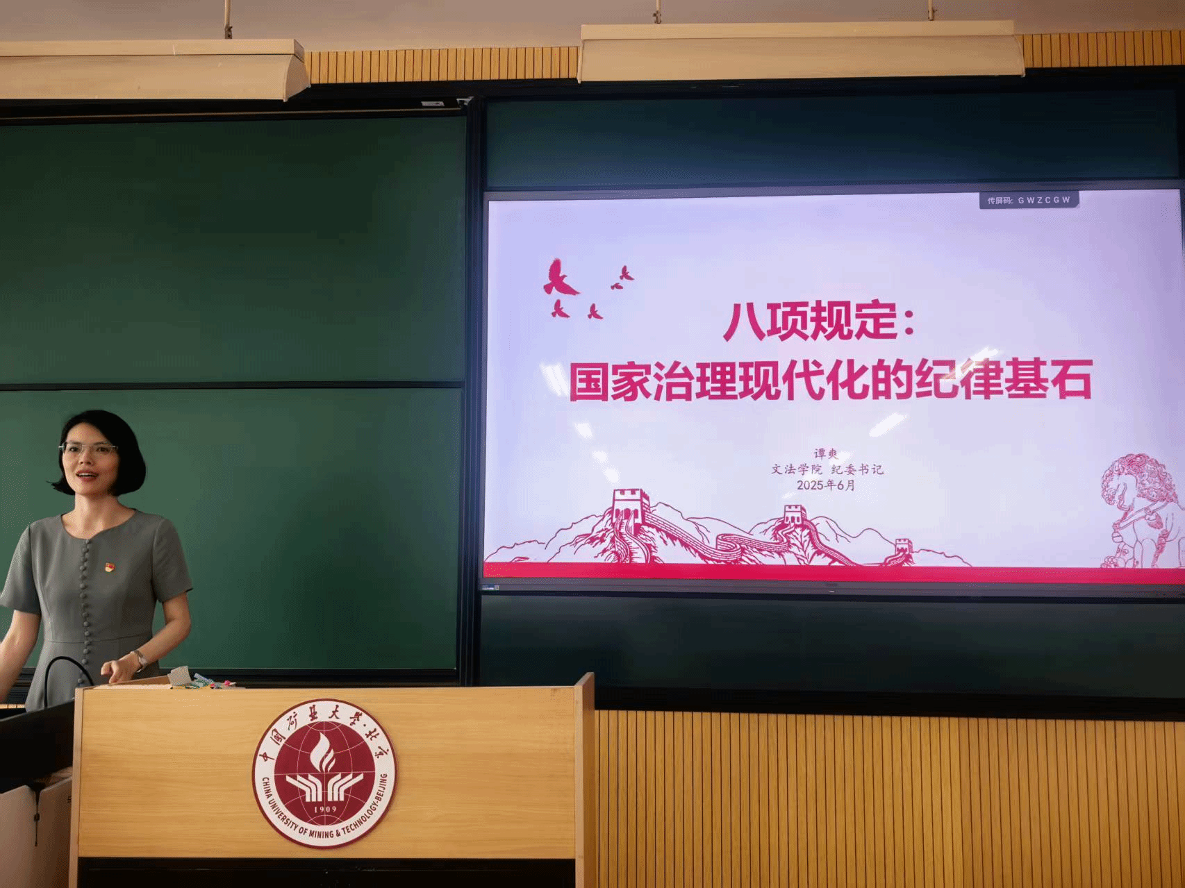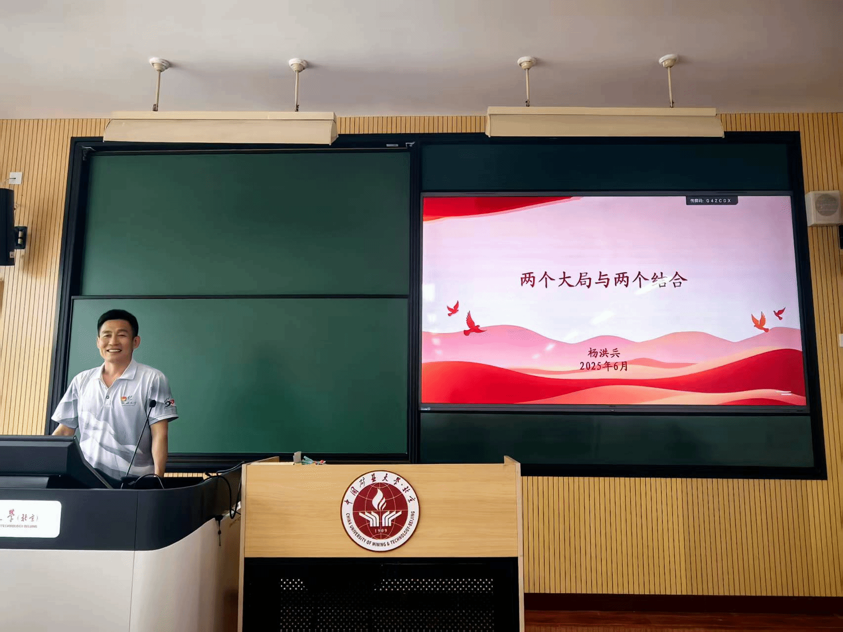 2025年6月27日,中国矿业大学(北京)文法学院在学院路校区教216教室举行2025届毕业生党员教育专题党课。学院党委书记杨洪兵、院长刘金程、副院长谭爽共同为毕业年级党员、新发展党员及学生党支部书记上一堂思想深刻的“最后一课”,毕业生辅导员王振主持会议。
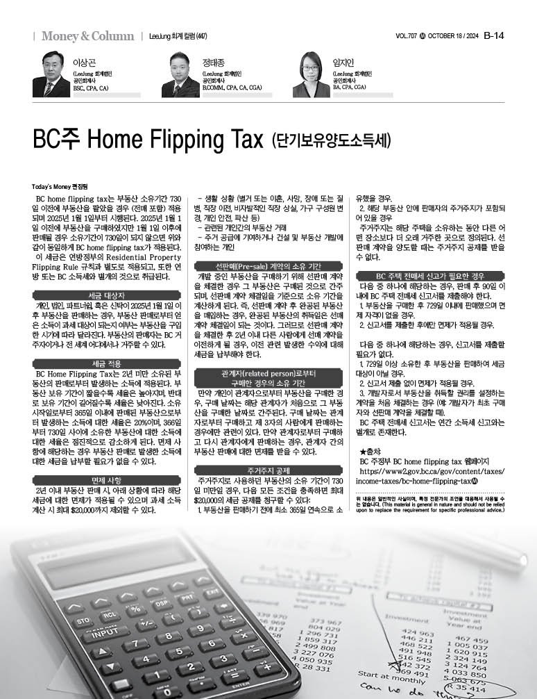 BC home flipping tax는 부동산 소유기간 730일 이전에 부동산을 팔았을 경우 (전매 포함) 적용되며 2025년 1월 1일부터 시행된다. 2025년 1월 1일 이전에 부동산을 구매하였지만 1월 1일 이후에 판매될 경우 소유기간이 730일이 되지 않으면 위와 같이 동일하게 BC home flipping tax가 적용된다.
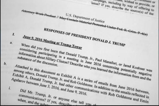 Các trả lời bằng văn bản của Tổng thống Trump cho cuộc điều tra đặc biệt. Ảnh: AP
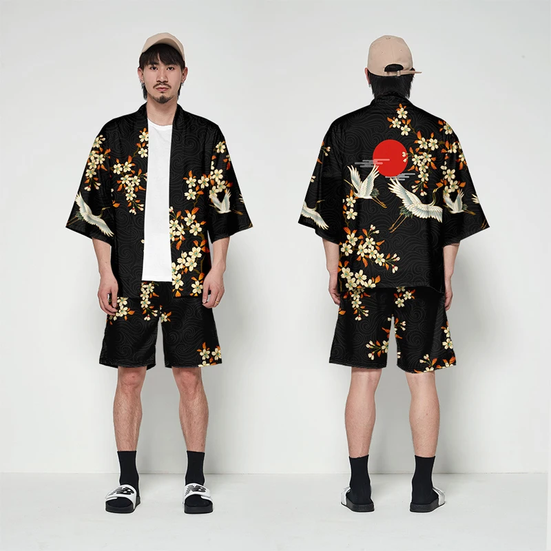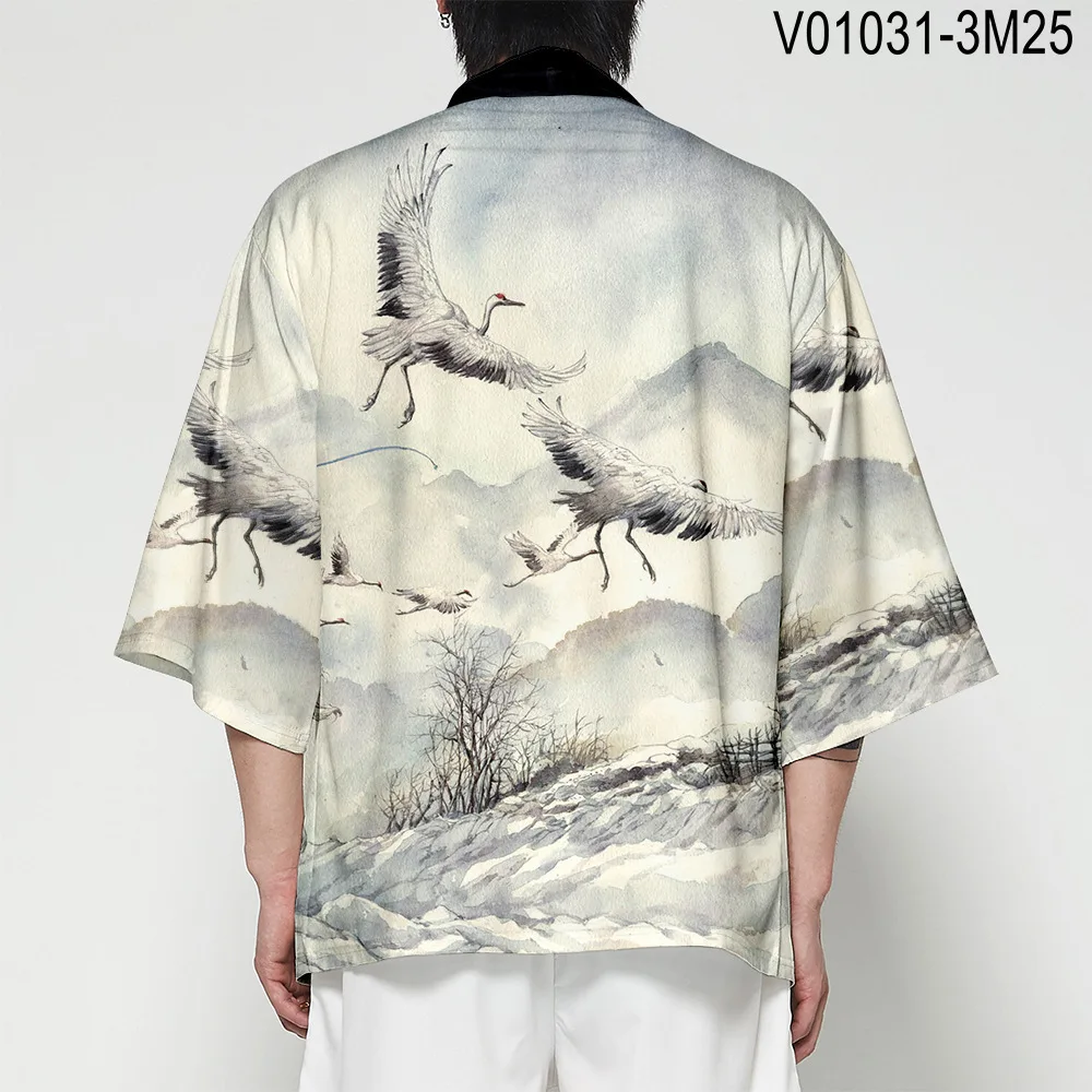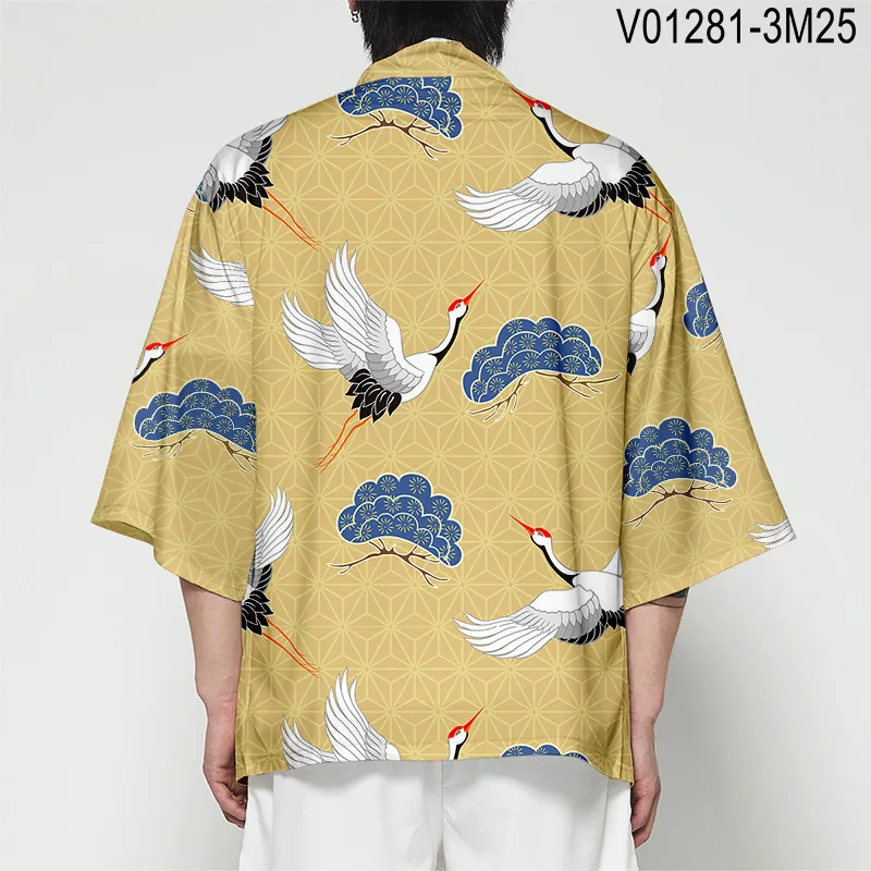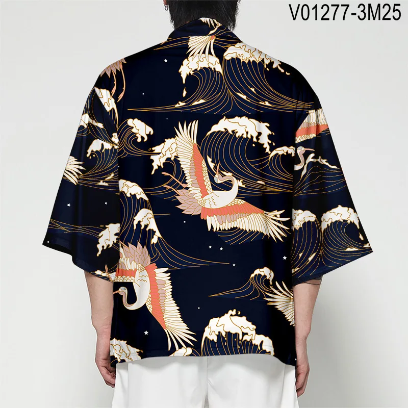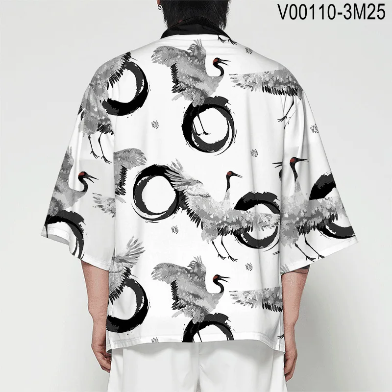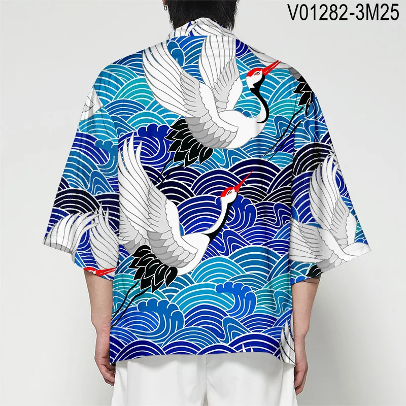Японские летние топы, уличная мода, юката, Женская традиционная одежда хаори, новинка 2022, женское кимоно, 3D футболка, самурайский журавль
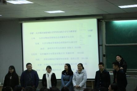 新城运营管理有限公司事业部经理李聪以“物业管理的前世今生”为题对物业管理的过去、现在、未来进行了深刻分析与总结。李总的精彩分享让学生对物业管理的价值与技术含量有了深刻体会,消除了“物业管理就是保安保洁”的片面认识。今年7月份才毕业、现任均豪集团长沙分公司市场经理的刘乖从自己当前工作中的能力欠缺角度切入,分享了做好物业管理领域工作的重点难点以及在校学习的重要性,刘乖学姐在工作岗位上的努力与付出深深震撼了学生们的心。随后,两位在物业管理行业协会任职的优秀校友王坤和朱斌从协会的宏观视角分享了他们对物业管理的理解和在协会工作的感悟。

◆ ◆ ◆ ◆ ◆

* [YOUR GOAL] Each line above should be returned exactly as it stands, minus any pictures.

* [ANSWER BOX]
 2025年6月27日,中国矿业大学(北京)文法学院在学院路校区教216教室举行2025届毕业生党员教育专题党课。学院党委书记杨洪兵、院长刘金程、副院长谭爽共同为毕业年级党员、新发展党员及学生党支部书记上一堂思想深刻的“最后一课”,毕业生辅导员王振主持会议。
 BC home flipping tax는 부동산 소유기간 730일 이전에 부동산을 팔았을 경우 (전매 포함) 적용되며 2025년 1월 1일부터 시행된다. 2025년 1월 1일 이전에 부동산을 구매하였지만 1월 1일 이후에 판매될 경우 소유기간이 730일이 되지 않으면 위와 같이 동일하게 BC home flipping tax가 적용된다.
 Các trả lời bằng văn bản của Tổng thống Trump cho cuộc điều tra đặc biệt. Ảnh: AP
Японские летние топы, уличная мода, юката, Женская традиционная одежда хаори, новинка 2022, женское кимоно, 3D футболка, самурайский журавль
 新城运营管理有限公司事业部经理李聪以“物业管理的前世今生”为题对物业管理的过去、现在、未来进行了深刻分析与总结。李总的精彩分享让学生对物业管理的价值与技术含量有了深刻体会,消除了“物业管理就是保安保洁”的片面认识。今年7月份才毕业、现任均豪集团长沙分公司市场经理的刘乖从自己当前工作中的能力欠缺角度切入,分享了做好物业管理领域工作的重点难点以及在校学习的重要性,刘乖学姐在工作岗位上的努力与付出深深震撼了学生们的心。随后,两位在物业管理行业协会任职的优秀校友王坤和朱斌从协会的宏观视角分享了他们对物业管理的理解和在协会工作的感悟。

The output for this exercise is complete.